Eight pools were obtained from all males (8 pools × 3 extenders = 24 samples) and with individual samples from three males obtained in 6 weeks (6 weeks × 3 individual males × 3 extenders = 54 samples) for evaluation after thawing.
The three extenders contain, for 1 L of dilution, the following quantity of antibiotics: 0.657 g of streptomycin, 0.657 g of penicillin, 0.15 g of lincomycin, and 0.3 g of spectinomycin (Sigma-Aldrich, Steinheim, Germany). The composition of fraction B was the same as fraction A + 8% of glycerol (Sigma-Aldrich, Steinheim, Germany).
2.4. Sperm Processing
Semen with KRP was allowed to cool to room temperature (23 °C), and once tempered, it was centrifuged at 800× g for 20 min. The supernatants were removed, and each pellet was resuspended with the calculated amount of extender A (a fraction of the extender without glycerol) to obtain a final straw concentration of 200 × 106 sperm.
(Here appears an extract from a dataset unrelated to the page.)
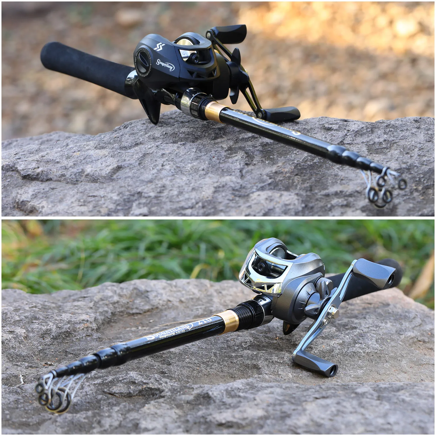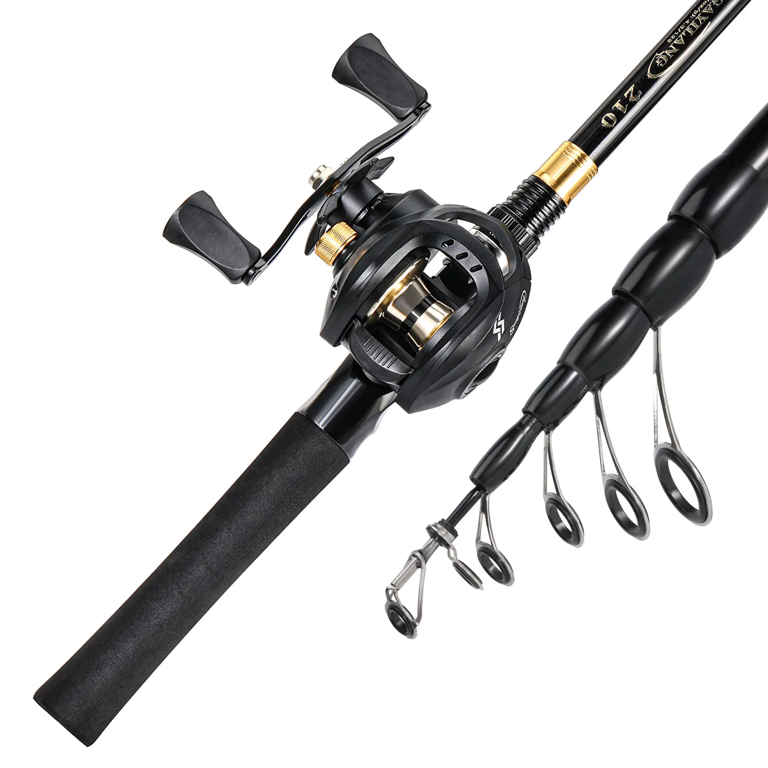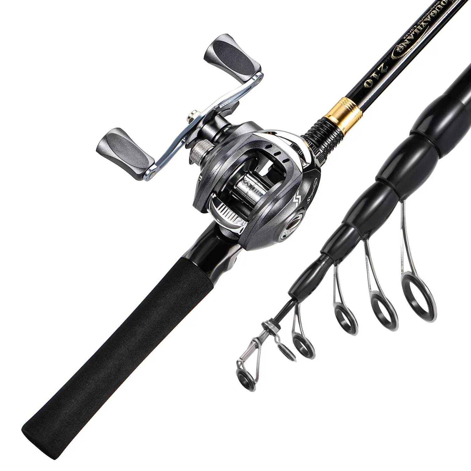 Sougayilang Combo de pesca telescópica 1,8-2,4 m caña de pescar de fibra de carbono 8,1:1 Carrete de pesca máximo de 11LB con accesorios de pesca

Each sample was refrigerated so that the temperature dropped to 5 °C within 2 h. Once this temperature was reached, the second part of the corresponding extender, extender B, was added, this time containing glycerol to 8% (its final concentration will be 4%). This addition of the extender plus the glycerol was performed five times at 5 min intervals. It was left to equilibrate for 90 min, during which time the samples were packed into 0.5 mL straws. After 90 min of calibration, the straws were placed in the cryo-freezer (Computer Controlled Rated-Freezer 14 S, Sy-Lab Cube) associated with a computer program to ensure the temperature was reduced gradually. The freezing ramp is as follows [23]: start: T = 5 °C. Cooling rate: −1 °C/minute to −4.5 °C (fusion and seeding temperature). Hold for 1 min at −4.5 °C. Freezing −30 °C/min down to −180 °C. They were then submerged in liquid nitrogen and stored in tanks until they were thawed.
Thawing was done by immersing the straw in a bath with water at 56 °C for 12 s [30]. It was paper-dried, one end was cut off, and the contents placed in a tube with 1 mL of KRP extender at 37 °C. All samples were kept in KRP medium tempered at 37 °C for the hours of analysis.
2.5. Sperm Analysis
A straw from each sample of each freezing date was thawed for analysis using the CASA automated system (Computer Assisted Sperm Analysis System, ISAS®, PROISER SL, Valencia, Spain). The ejaculations of males 1, 2, and 3 and a mixture of ejaculates of the six males (pool) were analyzed with this system. The samples were diluted 1:3 in KRP buffer, and a drop of this dilution was placed on a slide heated to 37 °C and analyzed in a Leica® DM1000 phase contrast microscope at 100× (Barcelona, Spain). The parameters evaluated were the number of total mobile sperm (TM), the number of progressive mobile sperm (PM) expressed both as percentage of total mobile sperm and percentage of progressive mobile sperm, the curvilinear velocity (VCL, µm/s), straight line velocity (VSL, µm/s), linearity index (LIN), straightness index (STR), and amplitude of lateral head displacement (ALH). An average of six fields were evaluated per sample [34]. Each sample was evaluated freshly thawed: 2 h after thawing and 5 h after thawing.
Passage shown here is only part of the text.